I was surprised to read a study saying a quarter of landlords plan to sell at least one of their properties this year.
Apparently a succession of tax increases, shifts in House in Multiple Occupation licencing, new stipulations on the minimum size of rooms, as well as the banning of admin fees are some of the reasons to blame.
However, I for one feel sceptical about the notion that so many landlords will reduce their portfolios.
Some of the changes, like the room size rules, seem more of a nuisance than anything too seismic.
With regards to the more significant changes, I can understand why investors would be unhappy about alterations like the reduction in mortgage tax relief.

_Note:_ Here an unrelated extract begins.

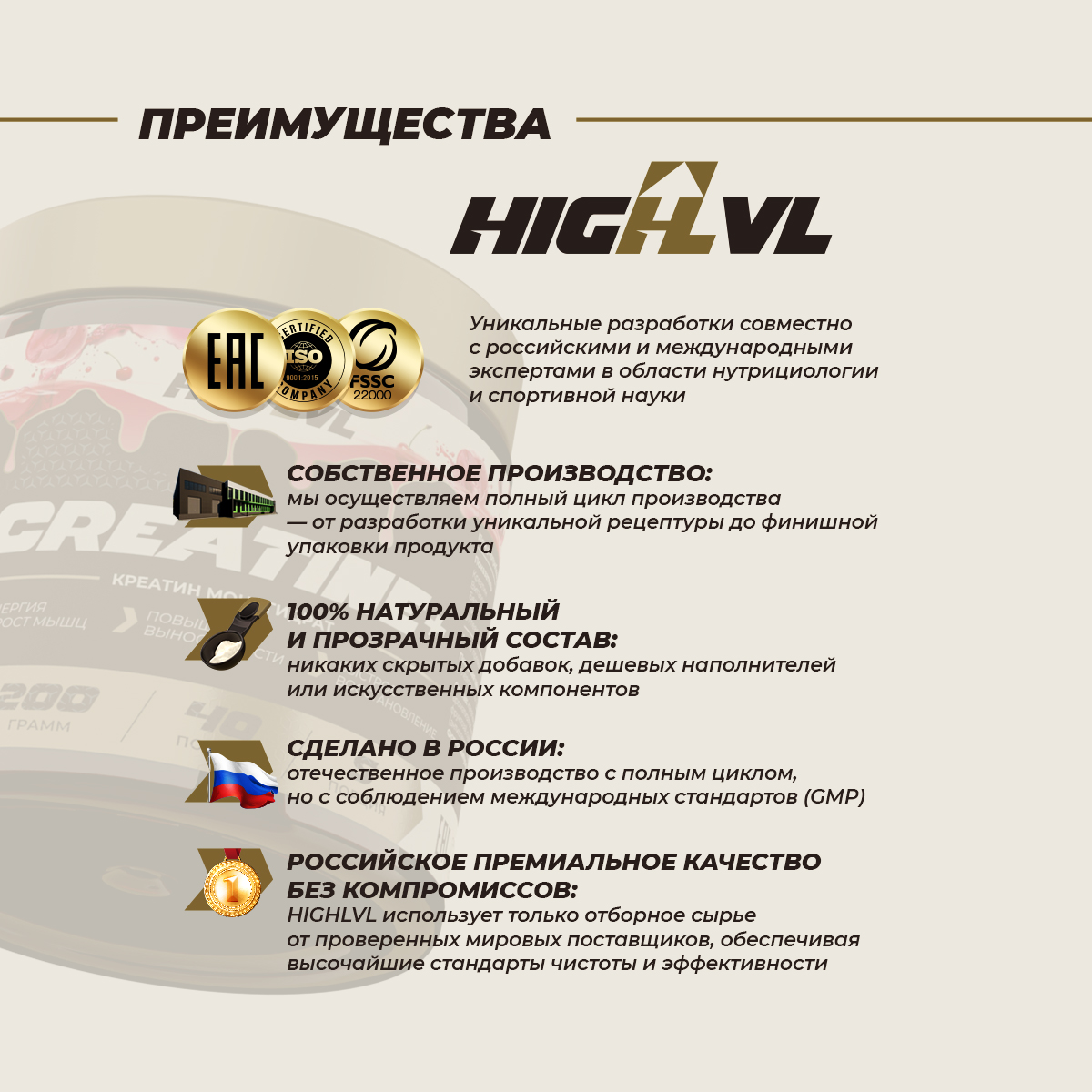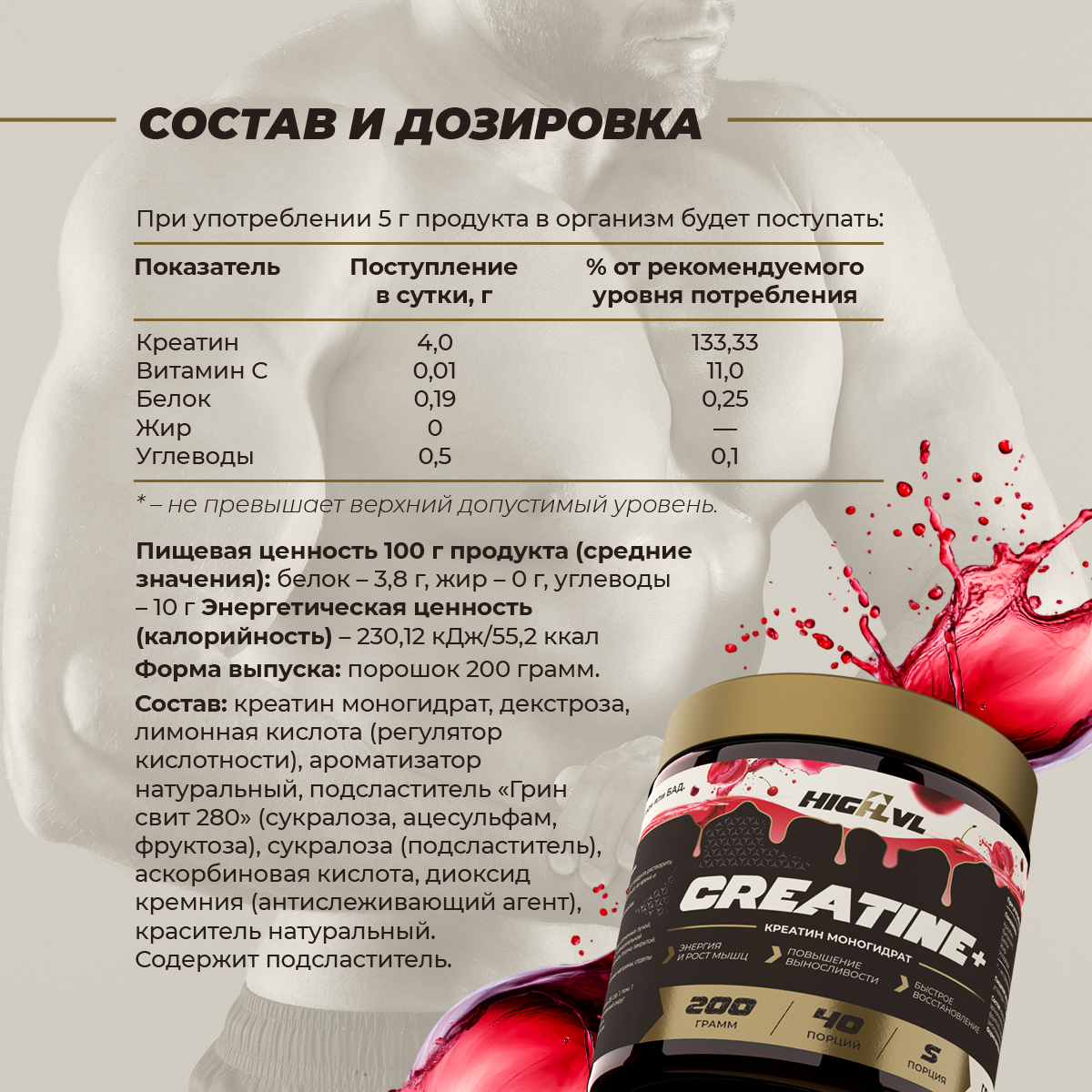 Сухая смесь для приготовления напитка «Креатин + витамин С», выпускаемая ООО «Спортивные добавки», является источником креатина и витамина С. Благодаря тщательно подобранным ингредиентам и их оптимальному количеству, продукт сочетает в себе высокую биологическую ценность, хорошую биодоступность активных компонентов, приятный вкус и аромат.

However while it may hit their profits, I wonder if it’s by enough to prompt a big number leaving the market.
Many landlords – especially in London – treat their portfolios as long-term assets where they can profit from substantial capital gains, rather than focusing on short-term income.
And with commentators predicting that the housing market will rebound in 2020, their properties may gain in value next year.
Rents are also predicted to rise next year at a faster rate than 3.5%, so they are likely to still be able to profit from buy-to-let to an extent in the short-term.
If a substantial number of landlords do exit the market – it’s a big ‘if’ in my opinion – the nature of supply and demand could result in rising demand for fewer properties, making them even more valuable assets to hold onto.
Clearly there are alternatives to being a landlord, one being crowdfunding, but I wonder if investors really will pull their money from property or whether they’ll Keep Calm and Carry On.